Making excuses for or covering up the abuser’s behaviors.
Maybe you fib about the abuser’s whereabouts when they fail to show up somewhere. Or if the abuser disappoints your child, perhaps you reassure the child that their other parent really does love them. These practices actually further the harm of the abuser’s choices, as they permit the abuser to continue constructing a false reputation at the expense of the people around them.
Minimizing the abuse and not requiring accountability.
Abuse is not normal. Ever. If you have lowered your standards and accepted that an abuse is “just the way it is,” you’re settling for less than God intends for you. God desires mutual trust and care in your relationships, and you do not need to give someone full access to your life who has repeatedly demonstrated untrustworthiness. Boundaries are essential to minimizing your exposure to an unhealthy person.
Blaming the abuser’s past traumas or other individuals for their behavior.
Most abusers have some kind of past trauma or issue that has resulted in poor coping skills (like controlling and manipulating others). But those traumas and the people who inflicted them are not responsible for the actions an abuser chooses. There are plenty of folks who experience trauma and don’t become abusers. Identifying past traumas can help an abuser discover where healing is needed, but it does NOT excuse the behavior.
What the Bible Says About Enabling Abuse
The Bible actually speaks out against enabling abusers.
Proverbs 19:19 says:
A hot-tempered person must pay the penalty; rescue them, and you will have to do it again. (NIV)
The Bible is clear that when we interfere with the natural consequences of another person’s sin, the sin will continue.
5 Ways to Stop Enabling Abuse
The Bible states that the righteous thing to do is expose an abusive person’s sin so that it can be dealt with in the light. An abused person has the power to stop enabling habits to instead embark on the path to healing.
Stop participating in arguments.
Abusers seek any reaction they can get (positive or negative) because they crave attention and control over the emotions of others. When you stop engaging in arguments, you protect yourself from falling into their hands, and deny the abuser the sinful pleasure of knowing they still have power over you. Offering non-emotional, canned responses like, “I think we just disagree on this issue,” are helpful.
In Matthew 18, Jesus lays out the steps to confronting sin amongst believers. Get the assistance of your church in addressing the abuser’s behavior.

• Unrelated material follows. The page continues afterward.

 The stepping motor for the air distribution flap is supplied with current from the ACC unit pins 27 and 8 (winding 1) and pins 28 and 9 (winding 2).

Not all pastors and counselors are versed in handling incidents of domestic violence so we have posts on domestic violence resources for churches to help guide your conversations.

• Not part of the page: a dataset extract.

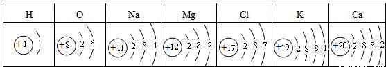 下表列出了部分人体中含量较多元素的原子结构示意图.请据表回答下列问题

Allow consequences to play out.
Most often, experience is the best teacher—and that includes consequences.Resolve to stop making excuses to cover up the abuser’s choices. Break the silence about what’s occurring. You don’t need to all out defame the abuser’s character, but those around you (including your children) need to know the truth about the abuser’s choices. Allowing consequences to play out isn’t punishment; it’s the loving thing to do for a person who resists being reasoned with, that they might have the opportunity to turn from their sin.
Stop “fixing” behaviors.
Don’t try to be the abuser’s accountability partner. Don’t make appointments for the abuser, or create a list of books or websites they should read. Do not coddle them when they start missing appointments because they’re “doing better.” The abuser needs to develop their own plan and do the work. And for repentance to be evident there needs to be longterm established changed in behavior (at least a year) before any work on reconciling the relationship in any way should be considered. In the meantime, instead of focusing on the abuser, turn that love and compassion towards yourself and your children.
Put the responsibility for the abuse where it belongs.

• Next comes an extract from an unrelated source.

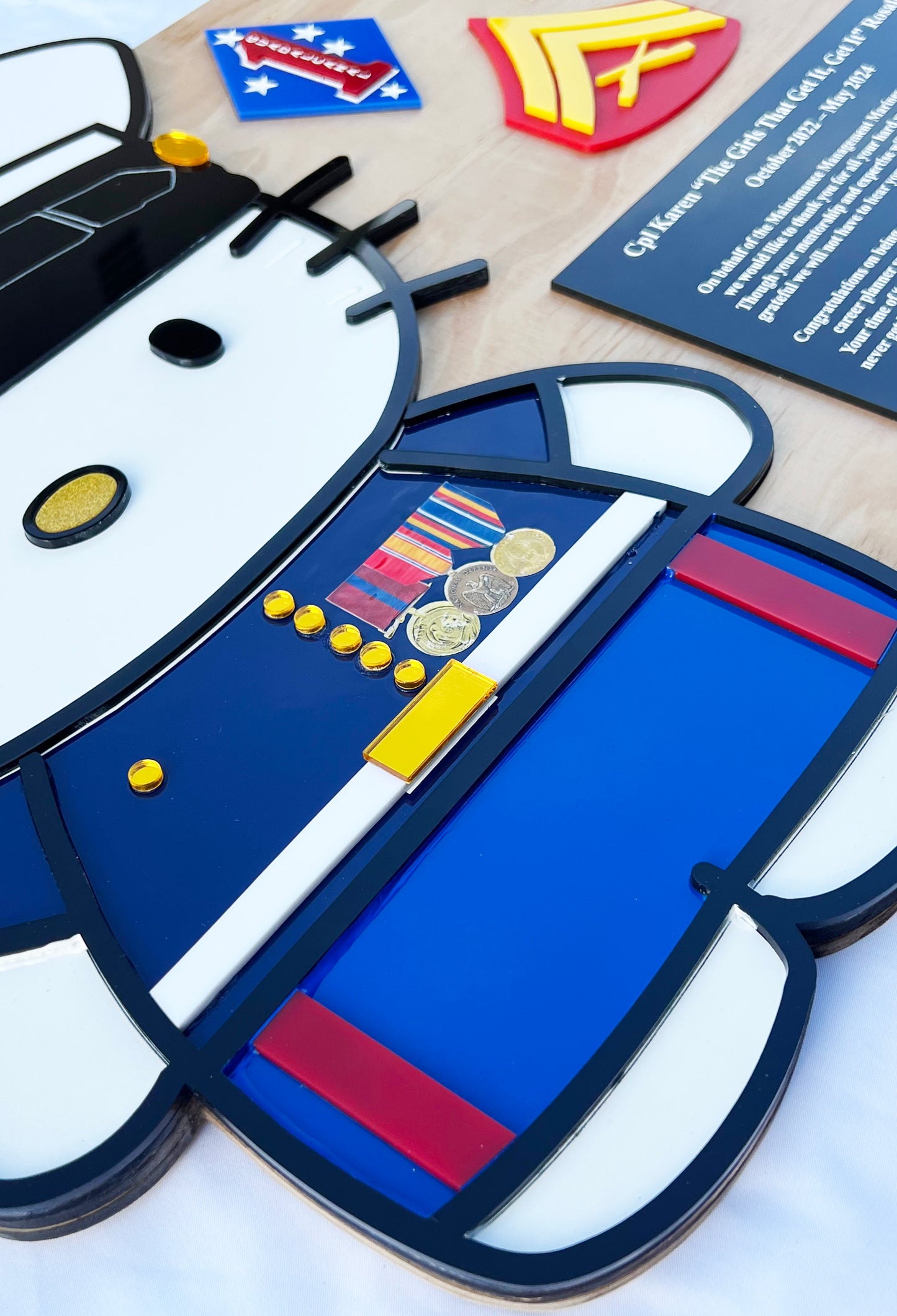 * Each military plaque that I make is CUSTOM and no two plaques are the same since I use mixed media for each plaque (i.e. wood, acrylic, paint, fabric, leather, etc.)

And that’s on the abuser. The abuser’s family of origin is not responsible (though they may have played or continue to play a part). The person who traumatized the abuser as a child is not responsible. You are not responsible. These are lies that keep everyone locked in denial and in Satan’s grasp. Change the narrative you speak over yourself. You are a child of The King and God’s masterpiece. He has loved you with an everlasting love. God desires life and peace for you, and regardless of what has happened, that is all still available to you. When you turn your attention from the one who has hurt you and turn to God, I can promise you, you will find life.